With consumers increasingly focused on access over ownership, the key is to start with the wants and needs of your particular customer base, then create a service that delivers ongoing value. This will require a new organizational structure; a shift in the focus of the sales, marketing, and finance teams; and, a new approach from IT. But, the initial drop in revenue and rise in expenses will be more than worth it.
Whether for an established company like GE, a streaming service like Netflix, or a new service provider like Box, accessing customer data to create a subscription-based offering is the growth path of the future: companies running on subscription models grow their revenue more than nine times faster than the S&P 500.
In today’s digital world the focus is on the individual customer not on the product, and those customers prefer outcomes over ownership. Brick-and-mortar retail is transforming, focusing on customers’ online experience and using the data gleaned there to inform the stocking of physical stores. The news industry is enjoying a renaissance thanks to online subscriptions; media is in a new golden age of on-demand streaming; and car subscriptions give access to a range of vehicles from the same company. Adobe led the way in cloud-based subscription software services, overcoming the initial drop in revenue and rise in expenses to reach a position of steady growth. With the Internet of Things even heavy equipment like construction supplies can move to a subscription model by teasing out the service-level agreement that sits behind the product. The subscription access model is being used in healthcare, government, utilities, and more. The customer-focused subscription company has to break down the old production silos and use customer data for perpetual innovation. It needs an IT system focused on the customer’s entire subscription life-cycle. Pricing becomes the key metric and annual recurring revenue the cornerstone of the financial statement.
How subscriptions are transforming industries
We are at a pivotal moment in business history, one where the world is moving from a focus on products to a focus on services, and where consumers are increasingly favoring access over ownership. Subscription-based companies are transforming business across a range of different industries. To turn your customers into subscribers, start with the wants and needs of your particular customer base, then create a service that delivers ongoing value. This is the growth path of the future: companies running on subscription models grow their revenue more than nine times faster than the S&P 500.

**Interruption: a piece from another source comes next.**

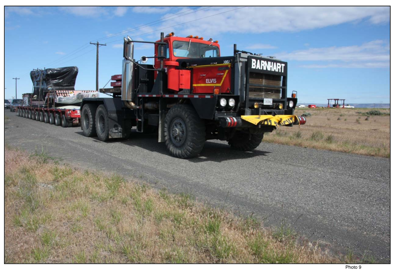
CHPRC subcontractor Barnhart Crane delivers the fourth of the cask well cars to the Environmental Resoration Disposal Facility (ERDF). One tall and one standard cask well car will be delivered to B Reactor to join the two locomotives for preservation and display; the rest will be delivered to ERDF for disposal.

CHPRC crews and subcontractors Clauss Construction and Barnhart Crane delivered the fourth of the cask well railcars to the Environmental Restoration Disposal Facility (ERDF).
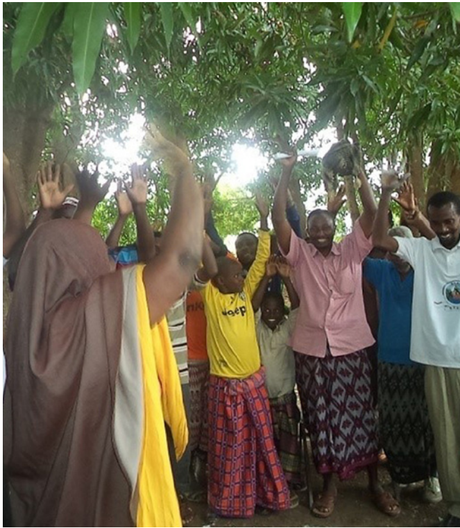
Triggering at a village in South-Central Somalia

Communities were very willing to adopt CLTS but hygiene and sanitation staff from NGOs and government public health staff were much more doubtful about the new approach due to religious/cultural taboos on discussing 'shit'. Their scepticism was overcome by wide involvement of sanitation stakeholders in CLTS triggering activities where doubters could see for themselves how enthusiastically the people engaged in the exercises.

The digital transformation
GE was #4 on the Fortune 500 list in 1955; as of fall 2017 it was still on the list, at #13. During the 2017 Oscars GE ran commercials with the tagline, “The digital company that’s also an industrial company.” This transformation is what has allowed GE to remain so high on the Fortune 500 list. Companies like GE and IBM no longer talk about refrigerators and mainframes, they talk about “providing digital solutions.” Most of the companies that have stayed on the list for 60+ years have similarly transformed.
Alongside these transformed companies are the ‘new establishment’ companies like Amazon, Apple, and Netflix—companies that were focused on building direct digital relationships with their customers right from the start. And then there’s the up-and-coming new disruptors, like Uber, Spotify, and Box, who have not only gone beyond selling products but have actually invented new markets, services, and technology platforms.
These types of companies—GE, Amazon, and Uber—have all recognized that we now live in a digital world, where customers prefer outcomes over ownership and the one-size-fits-all approach just doesn’t work anymore.
The new business model
For the past 120 years or so, the dominant business model was focused on products: inventory, shelving, and cost-plus pricing. Companies were organized into product divisions, something that was exacerbated by the emergence of enterprise resource planning (ERP). The margin and supply chain economics ruled, with the goal of matching supply and demand with the least inventory possible.
Today, that model has transformed. Customers are more informed than ever, and they don’t want the burdens of ownership. Forrester Research says this is the beginning of a new 20-year business cycle that it calls The Age of the Customer. People want the ride, not the car; the music, not the physical record; and they want it now.
Today’s successful companies don’t start with the product, they start with the customer. This means that the more information they can learn about the customer, the better they will be able to serve the customer’s needs. This shift to a customer-centric organizational mindset is a defining characteristic of the Subscription Economy. And it’s happening right now because the advent of the digital age means that those subscriptions can now be delivered digitally. As a result, the subscription model is transforming every sector of the modern economy.
The retail transformation
On the surface, the data says that brick-and-mortar retail is dying. About a quarter of the 1,000 or so enclosed malls in the United States are expected to close within five years, and Silicon Valley is convinced that Ecommerce is the future. However, over 85% of all US retail sales still happen in physical stores. Amazon now owns 460 Wholefoods stores and breaks out revenues from physical stores in its quarterly reports.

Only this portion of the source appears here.